Exhaustion. For while she’d been rotating his legs, ordering him to move his toes every now and then, she’d sent tingles of her magic through his legs, bypassing his spine entirely. Little pinpricks in his toes—like swarms of fireflies had landed on him. That was all he felt, even as she kept trying to patch up those pathways in his body. What little she could do now, with the small progress she’d made hours ago.
But all that magic … When Yrene had swayed after his last set, he’d called for Kadja. Ordered an armed carriage for the healer.
Yrene, to his surprise, didn’t object. Though he supposed it was hard to, when the healer was nearly asleep on her feet by the time she left, Kadja supporting her. Yrene only murmured something about being on his horse again after breakfast, and was gone.
But perhaps the luck he’d had that afternoon was the last of it.
Hours later, the khagan was not at dinner. He was dining in private with his beloved wife, they said. The unspoken rest of it lay beneath the words: mourning was taking its na
tural course, and politics would be set aside. Chaol had tried to look as understanding as possible.
At least Nesryn seemed to be making some headway with Sartaq, even if the other royals had already grown bored with their presence.
So he dined, so he kept wriggling his toes within his boots, and did not tell anyone, even Nesryn, long after they’d returned to their suite and he’d tumbled off to bed.

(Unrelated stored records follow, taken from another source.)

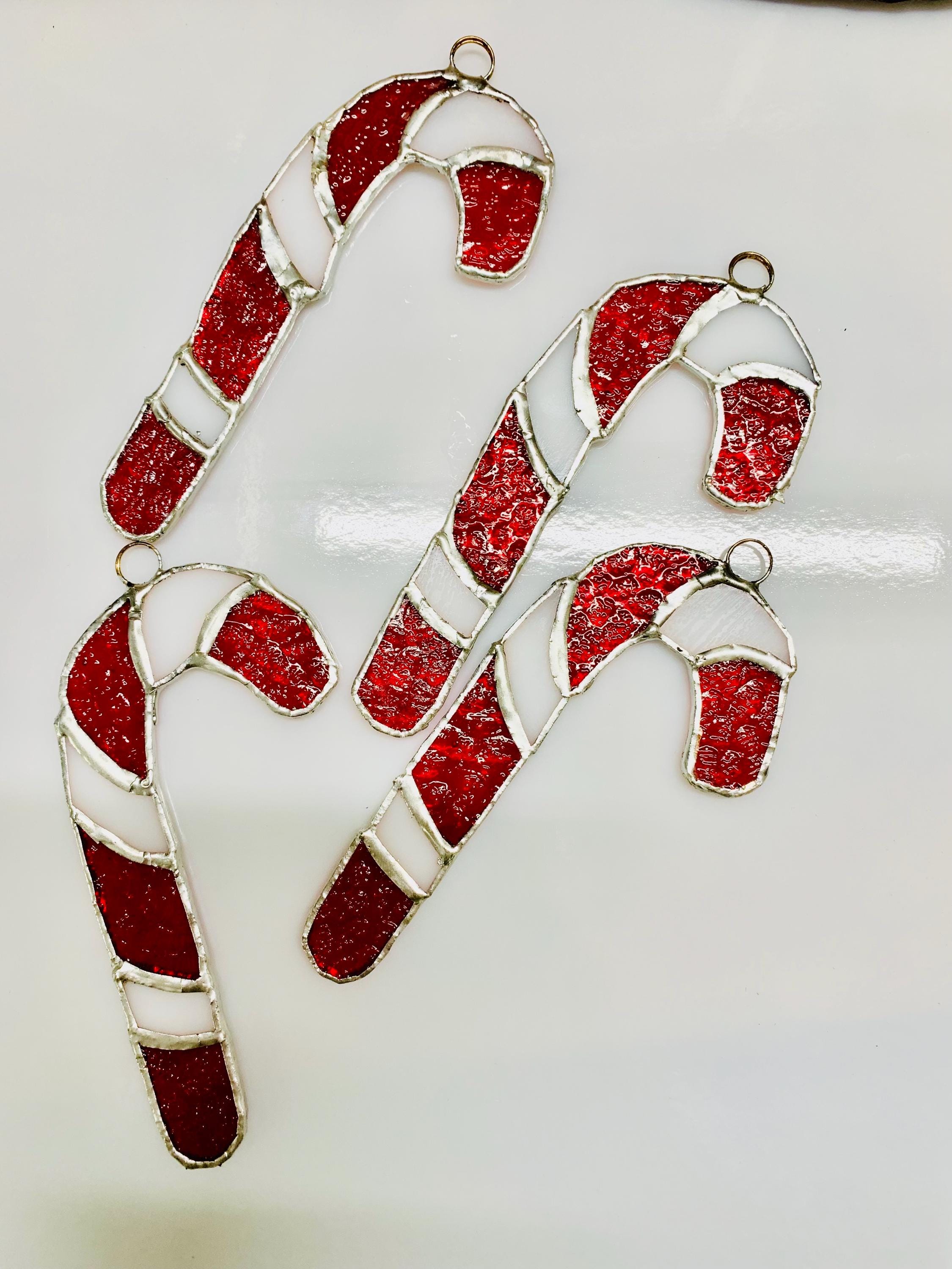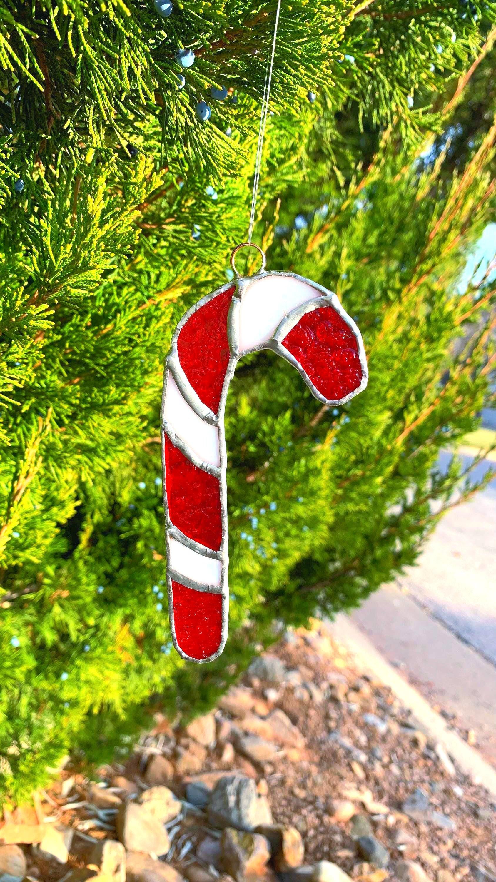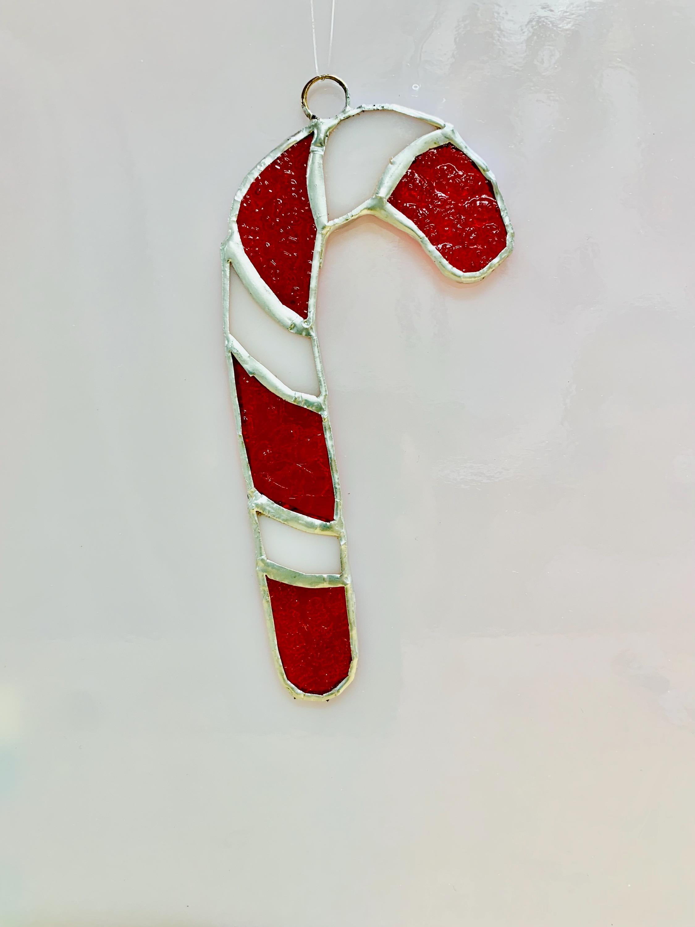 Handcrafted stained glass candy cane ornament. Classic red-and-white holiday treat that glows beautifully in a window or on the tree.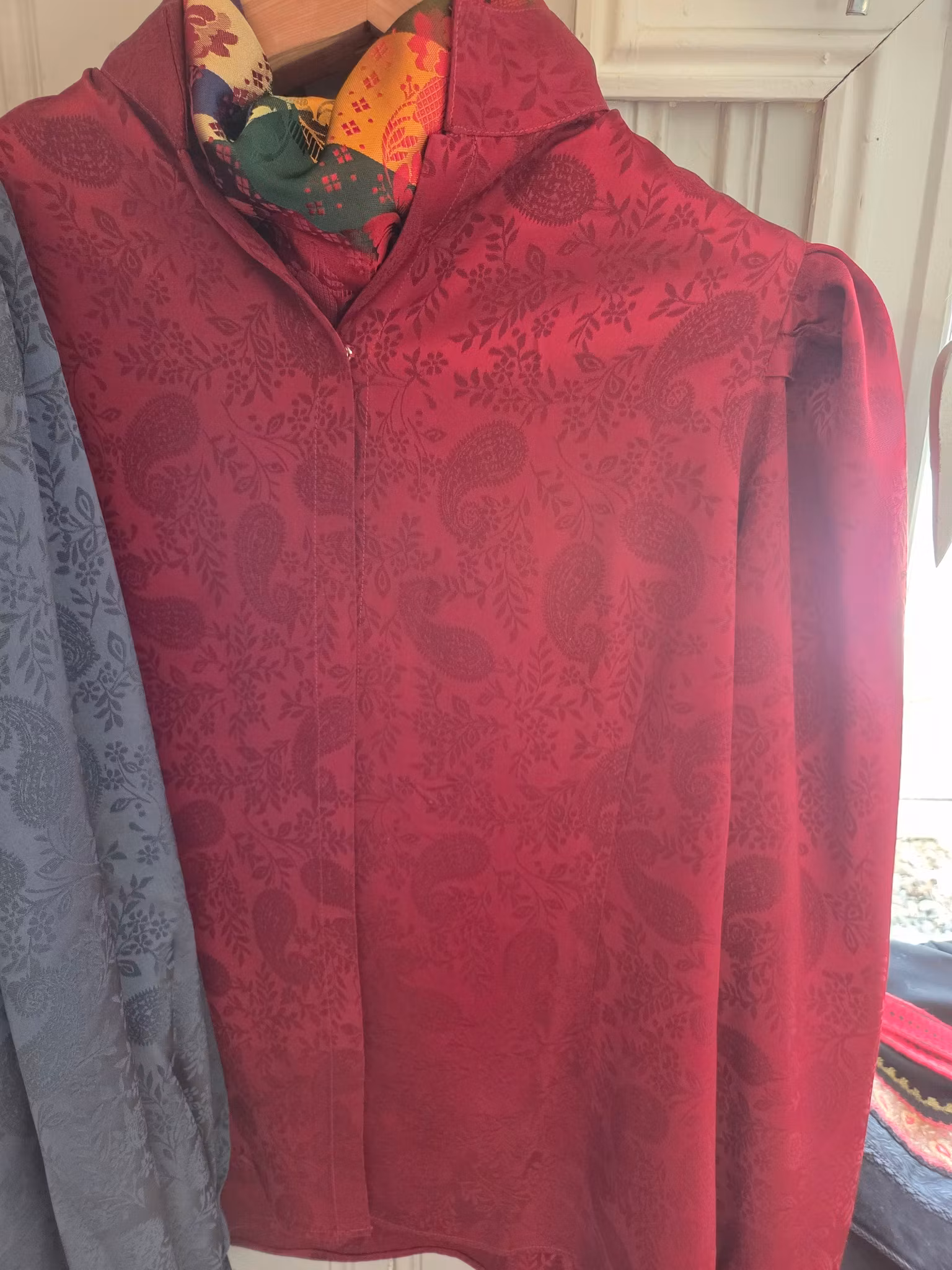NYHET Damask mønstret skjorter med puffermer. Henger flott på kroppen, like flotte til bunaden som til bukser eller skjørt.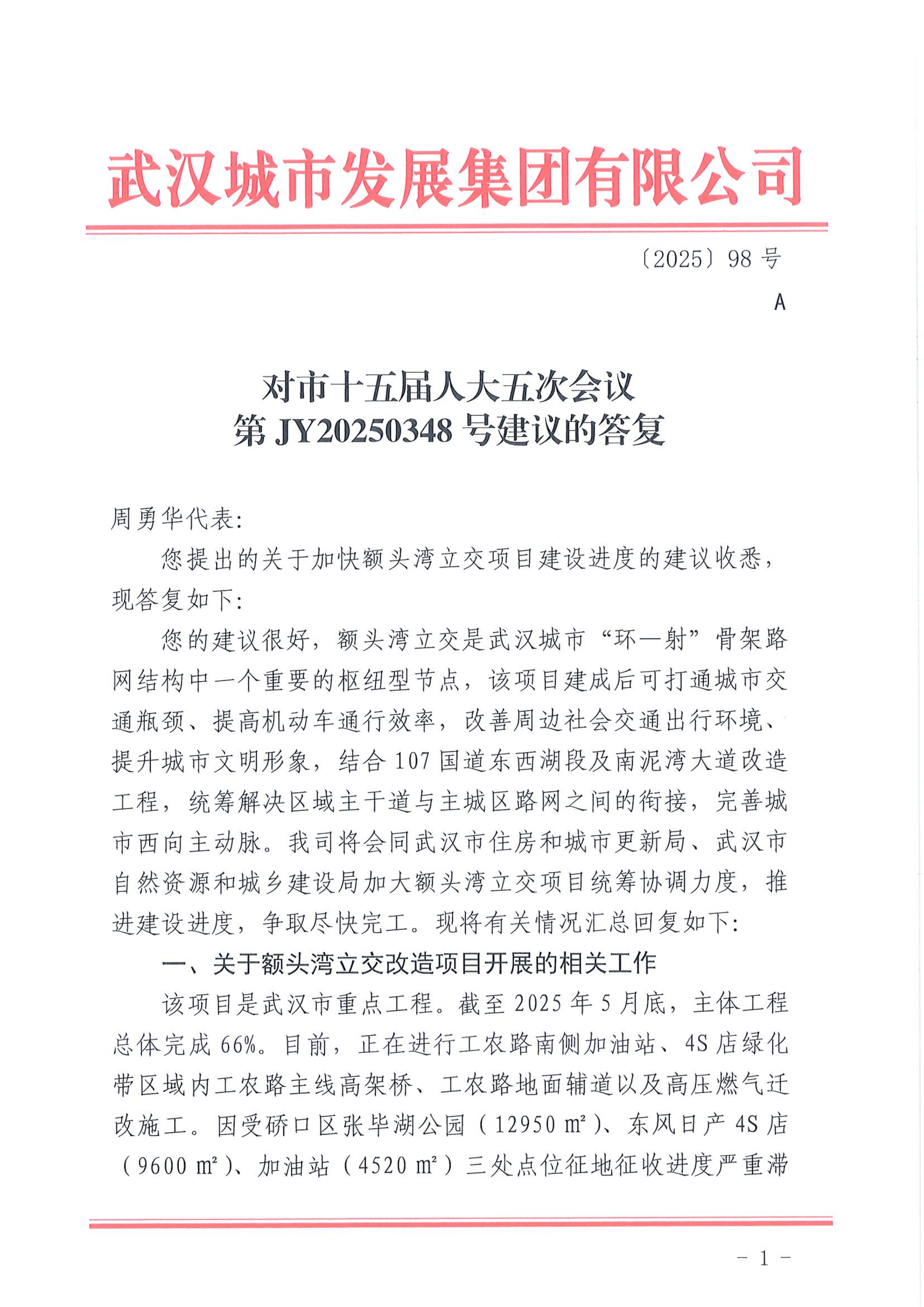 對市十五屆人大五次會議第JY20250348號建議的答復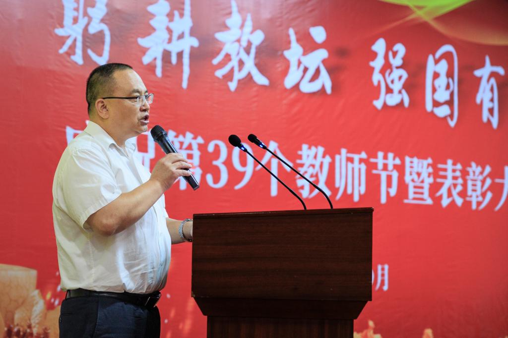 (党委宣传部 党委教师工作部讯)九月,秋光正好,秋叶含香。9月7日下午,我校“躬耕教坛 强国有我 ”庆祝第39个教师节暨表彰大会在学术报告厅隆重举行。全体校领导出席大会,全体教职员工、学生代表参加。大会由副校长付三乔同志主持。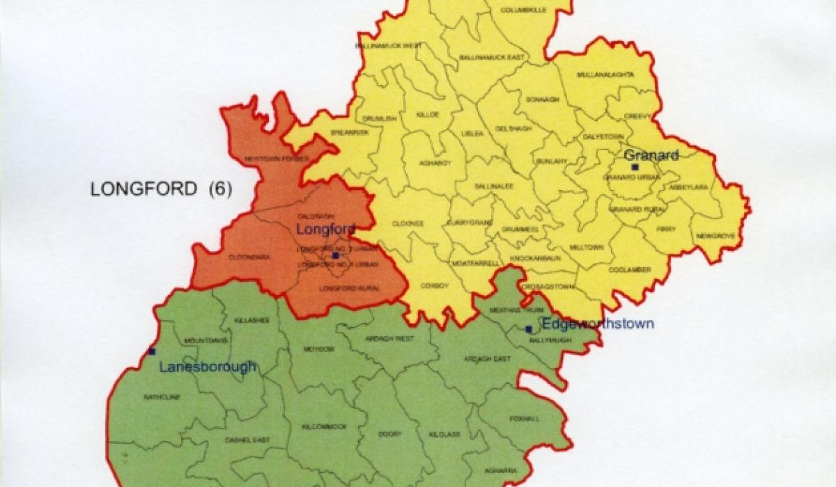 Following the publication of last year’s Local Electoral Area Boundary Report, Longford has been carved up into three electoral areas – Ballymahon, Granard and Longford representing 13,284; 12, 539 and 13,177 people respectively, and each will elect six representatives.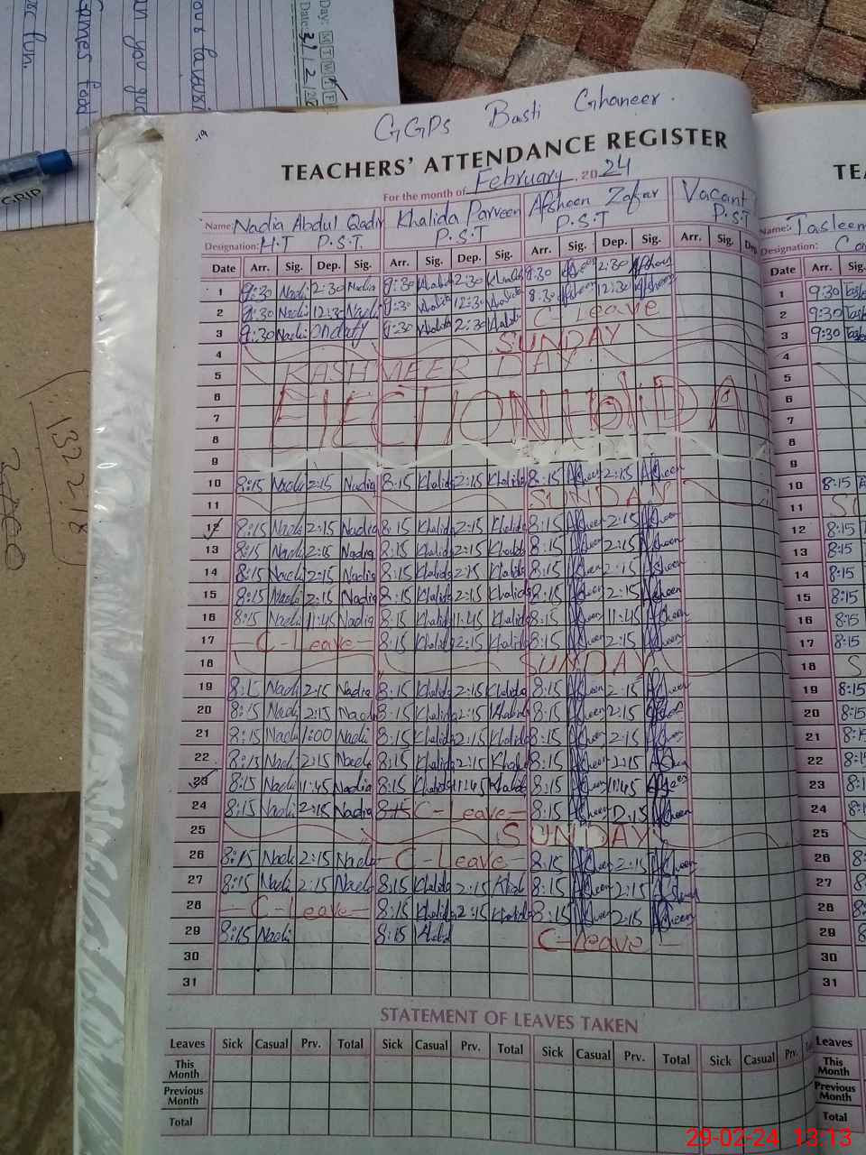 | CNIC | Full Name | Designation | R/C | Absence During Last Calender Month |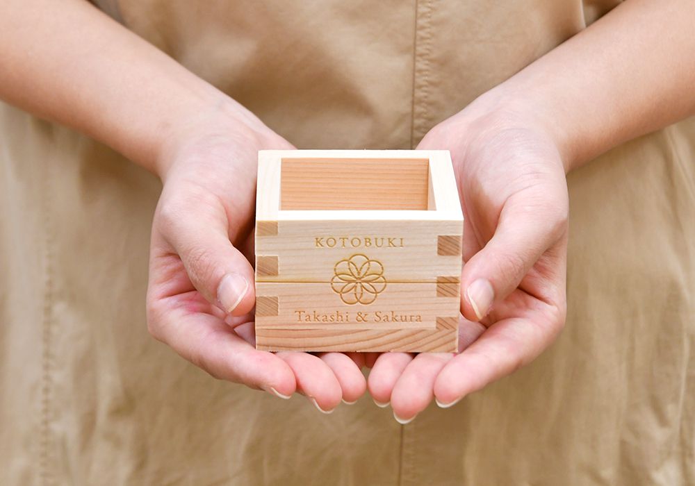 サイズは5勺。一合枡のほぼ半分の容量(100ml)が入る大きさ。枡は小物入れや食器として使えるので、お父さんは晩酌に、お母さんはお花を入れて…など全員お揃いの記念品をそれぞれの使い方で楽しんでいただけます。新居の玄関に置いて印鑑の置き場所に、なんて使い方もおススメ!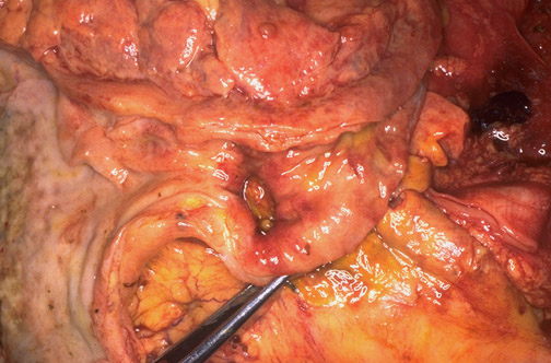 ![]() | The strongest association with Helicobacter pylori is with duodenal peptic ulceration--over 85% of duodenal ulcers. Seen here is a penetrating acute ulceration in the duodenum just beyond the pylorus. An acute duodenal ulcer is seen in two views on upper endoscopy in the panels below. |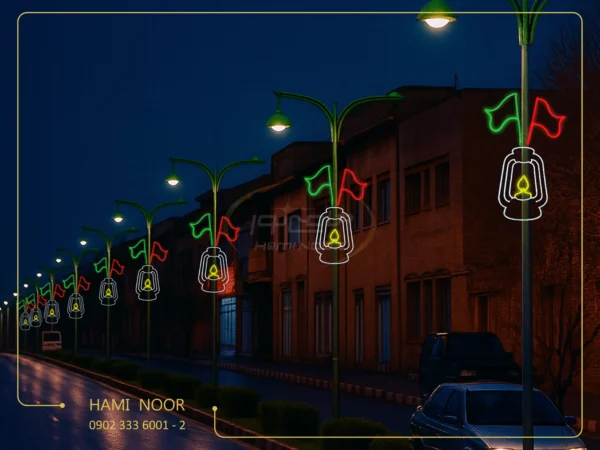 المان نوری مدل شام غریبان به منظور نور آرایی و آذین بندی شهری تولید وبه روش نصب بلواری برروی تیرچراغ برق درارتفاع مشخص نصب و اجرا می گردد. این المان نوری از ترکیب پروفیل و لوله سبک صنعتی آلیاژی و آرماتور ساخته می شود.به گونه ای که اجزای مختلف المان نوری شام غریبان پس از طراحی در ابعاد و اندازه های متناسب با طرح برش خورده و سپس به صورت مکانیزه خم کاری و پس از آن عملیات جوشکاری روی آن انجام می گیرد. در ادامه سازه بدست آمده در واحد رنگ آمیزی به صورت سه لایه رنگ آمیزی شده و در نهایت جهت مونتاژ منبع نور بر روی سازه به واحد مونتاژ منتقل می شود.المان نوری شام غریبان در ابعاد 2 متر در 1.3 متر قابل تولید می باشد.این المان نوری قابلیت تولید به صورت تک رنگ و ترکیب چند رنگ مختلف را نیز دارد. از دیگر خصوصیات این المان نوری می توان به وزن سبک ،سهولت در نصب و حمل آسان آن اشاره کرد. جهت نصب این المان نوری به پایه چراغ برق بست فلزی مخصوص تعبیه شده است،به طوریکه نصب این المان نوری بدون نیاز به هرگونه سوراخکاری و جوشکاری را ممکن میسازد.المان نوری شام غریبان با گارانتی یکساله به مشتریان عرضه میگردد

He awoke with the dawn, found himself … eager to wash and dress. Found himself eating breakfast as quickly as he could, while Nesryn only raised her brows.
But she, too, was off early to meet Sartaq atop one of the palace’s thirty-six minarets.
There was some holiday tomorrow, to honor one of the thirty-six gods those minarets each represented. Their sea goddess, Tehome. There would be a ceremony at sunrise down by the docks, with all the royals, even the khagan, attending to lay wreaths into the water. Gifts for the Lady of the Great Deep, Nesryn had said. Then a grand feast at the palace come sundown.
He’d been indifferent about his own holidays back in Adarlan, found them outdated rites to honor forces and elements his ancestors could not explain, and yet the buzz of activity, the wreaths of flowers and seashells being raised within the palace to at last replace the white banners, the scent of shellfish simmering in butter and spices … It intrigued him. Made him see a bit clearer, brighter, as he wheeled through the busy palace toward the courtyard.
The courtyard itself was a melee of arriving and departing vendors, bearing food and decorations and what seemed to be performers. All to beseech their sea goddess for mercy as the late summer gave way to annual violent storms that could rip apart ships and entire towns on the coastline.
Chaol scanned the courtyard for Yrene, flexing his toes. He spotted his horse and her mare alongside it in the few pens by the east wall, but … no sign of her.
She’d been late yesterday, so he waited until a lull in the deliveries before he motioned the stable hands to help him mount. But it was the guard from yesterday—the one who’d aided him most—who came forward when the mare was brought over. Shen, Yrene had called him; she’d greeted the guard as if she knew him well.